Steven Lawrence Whitmire (born September 24, 1959) is an American puppeteer, known primarily for his work on The Muppets and Sesame Street. Beginning his involvement with the Muppets in 1978, Whitmire inherited the roles of Ernie and Kermit the Frog after Jim Henson's death in 1990; he performed the characters until 2014 and 2016, respectively. As part of the Muppet cast, he has appeared in multiple feature films and television series, performing a variety of characters on The Muppet Show, Sesame Street, and Fraggle Rock and during such occupations has been employed by The Jim Henson Company, Sesame Workshop, and The Muppets Studio.

Career
Whitmire first appeared (unpaid) at a pre-show event at Six Flags Over Georgia. He performed with his then alter-ego puppet Otis for the children waiting to see a multimedia show.

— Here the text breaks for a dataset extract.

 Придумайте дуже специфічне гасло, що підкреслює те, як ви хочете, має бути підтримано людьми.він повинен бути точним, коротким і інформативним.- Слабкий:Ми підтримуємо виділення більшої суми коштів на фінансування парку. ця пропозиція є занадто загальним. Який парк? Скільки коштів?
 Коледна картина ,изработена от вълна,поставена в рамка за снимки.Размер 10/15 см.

Before graduating high school, Whitmire had his first "professional" puppeteering job using Otis at "The World of Sid & Marty Krofft" in Atlanta, the first indoor theme park. From there Whitmire appeared on local Atlanta TV live for 2 1/2 hours every day on "The Kids Show with Otis" taking telephone calls from children and adults.  The show received more than 2000 calls per hour. WATL was owned at that time by former Atlanta children's television host "Officer Don" Kennedy. Otis made appearances on various WATL 36 shows with Atlanta's Ludlow Porch, performing with the Georgia Bulldogs' Larry Munson, Don Kennedy, and Entertainment Page host Artie Goodman. As Otis, Whitmire interviewed Olivia Newton-John during a tour promoting an album.

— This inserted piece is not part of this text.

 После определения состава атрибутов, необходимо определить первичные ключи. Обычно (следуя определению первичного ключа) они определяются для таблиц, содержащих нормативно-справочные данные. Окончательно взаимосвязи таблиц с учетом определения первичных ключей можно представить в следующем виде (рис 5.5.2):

He worked with puppets after graduating high school, and eventually got a job working on The Muppet Show in 1978. Since then, Whitmire performed in almost every major Henson company project, including non-Muppet projects such as The Dark Crystal, Labyrinth, and Dinosaurs.

Characters performed
Whitmire was the second performer of two signature Muppets—Kermit the Frog and Ernie—after the death of their creator and original performer Jim Henson (with whom he shared a birthday) in 1990. Whitmire was personally asked by Brian Henson and Jane Henson to be Kermit's performer a few weeks after Jim Henson's death. Heather Henson arranged for a Kermit puppet to be sent to Whitmire's residence; however, Whitmire hid the puppet away for weeks before deciding on taking on the role. Following the death of Richard Hunt and the retirement of Jerry Nelson, Whitmire took over the roles of Beaker and Statler, respectively. In 2014, Billy Barkhurst took over the role of Ernie, with Peter Linz taking over that role in 2017.

Muppet characters original to Whitmire include Rizzo the Rat, Lips (the trumpet player from Dr. Teeth and The Electric Mayhem), Foo-Foo (Miss Piggy's dog), Wembley Fraggle and Sprocket the Dog on Fraggle Rock, and Bean Bunny, a character that originated in The Tale of the Bunny Picnic (1986).

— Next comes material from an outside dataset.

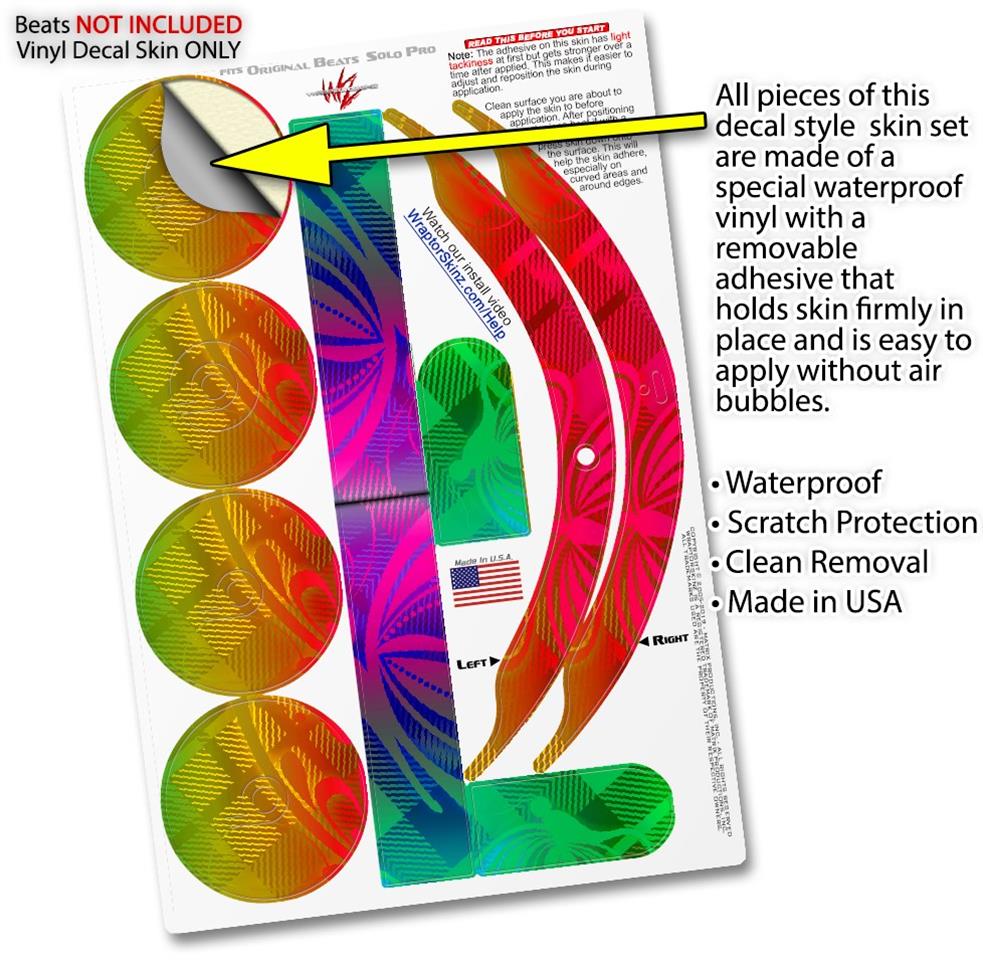 This product is in no way affiliated with or endorsed by Apple or Beats brand products. WraptorSkinz® skin wraps work with the Original Beats Solo Pro version 1 headphones. Printed using superb photo quality designs and vibrant colors printed with special fade resistant inks that last even in direct sun for years. WraptorSkinz are a composite of two layers of commercial grade materials. The bottom layer is a soft, flexible vinyl with a special removable adhesive that is easily positioned, applied without air bubbles. Next, we print the bottom layer with UV protected, fade resistant inks that deliver superb photo quality designs in vibrant colors. Finally, we bond a professional grade laminate over the entire skin adding a glossy protective finish.

Whitmire voiced Link Hogthrob in the Muppet RaceMania and Muppets Party Cruise video games. He also performed Link for the 2011 film The Muppets. This was the first speaking appearance of the character since the death of Jim Henson, the original performer of Link. He also performed him in Muppets Most Wanted. In 2008, Whitmire took over another of Jim Henson's roles, The Muppet Newsman.

Dismissal from the Muppets
In July 2017, The Muppets Studio announced that Whitmire was no longer involved with the Muppets and that fellow Muppet performer Matt Vogel was cast as Kermit's new performer. Whitmire revealed that he was dismissed from his roles in October 2016 because of undisclosed issues that he said had not been discussed before his dismissal. In their decision-making, The Walt Disney Company (owner of The Muppets Studio) consulted the Henson family, who supported the recasting of Kermit and Whitmire's dismissal.

Brian Henson stated that issues with Whitmire began in the mid-1990s, and said that Whitmire would make "outrageous demands and often played brinkmanship", and additionally stated that Whitmire would "send emails and letters attacking everyone, attacking the writing and attacking the director". He also expressed guilt for not dismissing Whitmire and recasting Kermit before selling the Muppets to Disney in 2004, "because I knew that it was going to be a real problem". Lisa Henson stated that Whitmire was opposed to having an understudy for Kermit and refused to train one, which became problematic when it came to "B-level performances, such as a ribbon-cutting," at some of which she said he was unwilling to appear. She also stated that he "blackballed young performers" by refusing to appear in shows with them.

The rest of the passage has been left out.